TASK DATA section start
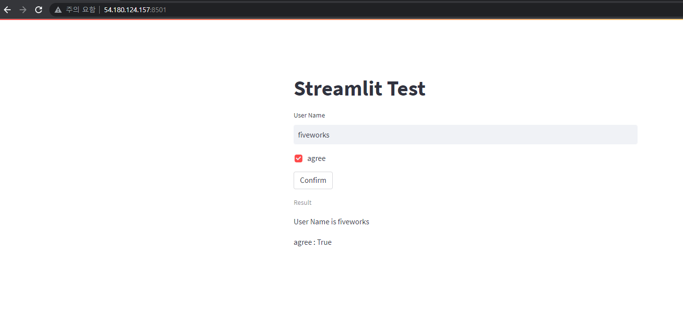 - streamlit 은 8501번 포트를 사용한다.
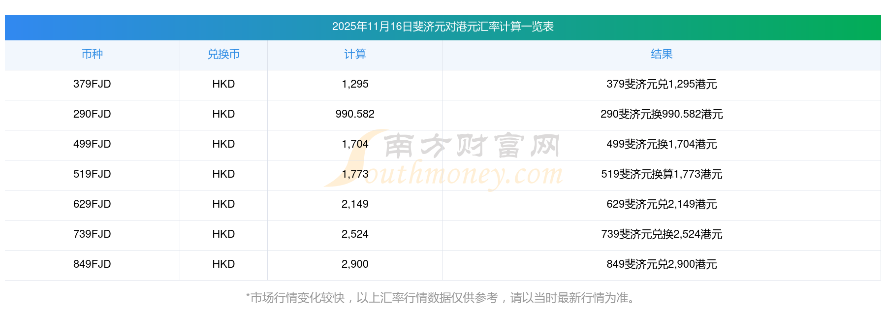 2025年11月16日15斐濟(jì)元計算港元等于多少?
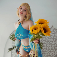 a blue outfit with white accents, resembling the character's iconic attire. Additionally, they are holding a bouquet of sunflowers, adding
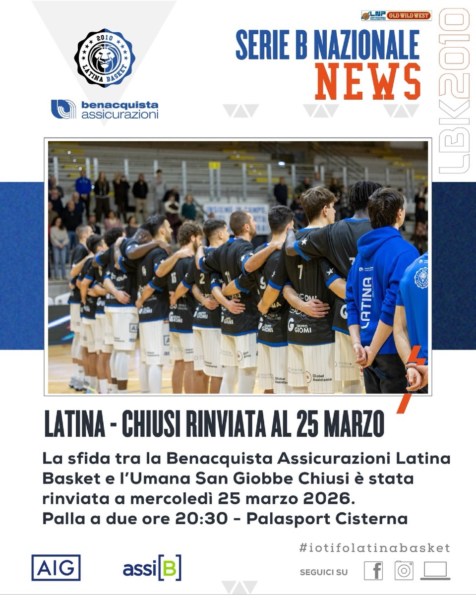 Basket B Nazionale: è stato fissato a mercoledì 25 marzo, alle 20.30, il recupero della gara del Latina contro l’Umana San Giobbe Chiusi, valida per la 23esima giornata del Campionato. Si giocherà al Palasport di Cisterna. La partita si sarebbe dovuta disputare lo scorso 25 gennaio, al Palazzetto dello Sport di Ferentino, ma era stata annullata per l’impraticabilità del campo.
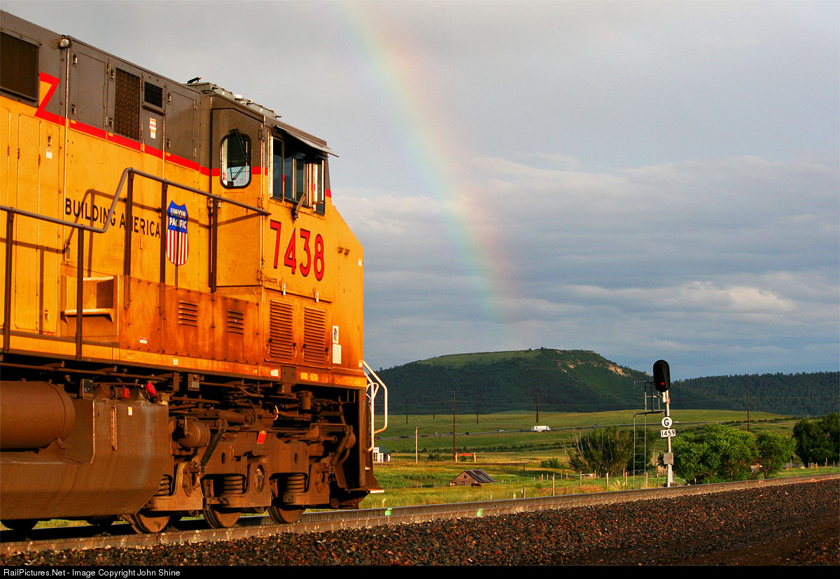 Holding at the Intermediate signal on Main #1, milepost 45.9 at Greenland, a rain shower has just passed as a rainbow appears in front of the UP 7438 heading South.
TASK DATA section end
### EXERCISE PROMPT:
Every line above is to be returned exactly, with its pictures removed.

### REPLY:
 - streamlit 은 8501번 포트를 사용한다.
 2025年11月16日15斐濟(jì)元計算港元等于多少?
 a blue outfit with white accents, resembling the character's iconic attire. Additionally, they are holding a bouquet of sunflowers, adding
 Basket B Nazionale: è stato fissato a mercoledì 25 marzo, alle 20.30, il recupero della gara del Latina contro l’Umana San Giobbe Chiusi, valida per la 23esima giornata del Campionato. Si giocherà al Palasport di Cisterna. La partita si sarebbe dovuta disputare lo scorso 25 gennaio, al Palazzetto dello Sport di Ferentino, ma era stata annullata per l’impraticabilità del campo.
 Holding at the Intermediate signal on Main #1, milepost 45.9 at Greenland, a rain shower has just passed as a rainbow appears in front of the UP 7438 heading South.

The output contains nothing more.